- Simplified Chinese: 中国特色社会主义文化
- Traditional Chinese: 中國特色社會主義文化

Standard Mandarin
- Hanyu Pinyin: Zhōngguó tèsè shèhuìzhǔyì wénhuà

= Culture of socialism with Chinese characteristics =

Chinese Communist Party ideology

The "culture of socialism with Chinese characteristics" is a term and slogan the Chinese Communist Party (CCP) uses to describe its cultural system.
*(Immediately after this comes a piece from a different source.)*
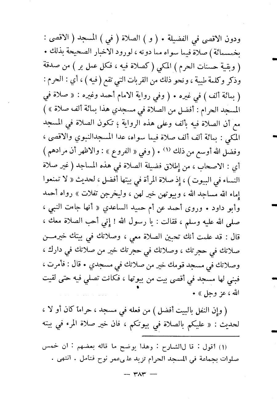 (وَفِي " الْفُرُوعِ ": وَالْأَظْهَرُ أَنَّ مُرَادَهُمْ) أَيْ: الْأَصْحَابِ، مِنْ إطْلَاقِ فَضِيلَةِ الصَّلَاةِ فِي هَذِهِ الْمَسَاجِدِ (غَيْرُ صَلَاةِ النِّسَاءِ فِي الْبُيُوتِ) ، إذْ صَلَاةُ الْمَرْأَةِ فِي بَيْتِهَا أَفْضَلُ، لِحَدِيثِ «لَا تَمْنَعُوا إمَاءَ اللَّهِ مَسَاجِدَ اللَّهِ، وَبُيُوتُهُنَّ خَيْرٌ لَهُنَّ، وَلْيَخْرُجْنَ تَفِلَاتٍ» رَوَاهُ أَحْمَدُ وَأَبُو دَاوُد.

It is also one of the four components of socialism with Chinese characteristics.

== History ==
The term was first put forward at the 15th National Congress of the Chinese Communist Party in September 1997 by General Secretary Jiang Zemin.

== Content ==
According to the 19th CCP National Congress, the culture of socialism with Chinese characteristics "originates from the excellent traditional Chinese culture nurtured by the Chinese nation's 5,000-year history of civilization, fusing with the revolutionary culture and the advanced socialist culture created by the Party in leading the people in revolution, construction and reform". It officially aims to "cultivate citizens with ideals, morality, culture and discipline, and develop a national, scientific and popular socialist culture that is oriented towards modernization, the world and the future". It is one of the four components of socialism with Chinese characteristics, along with its path, theoretical system and system.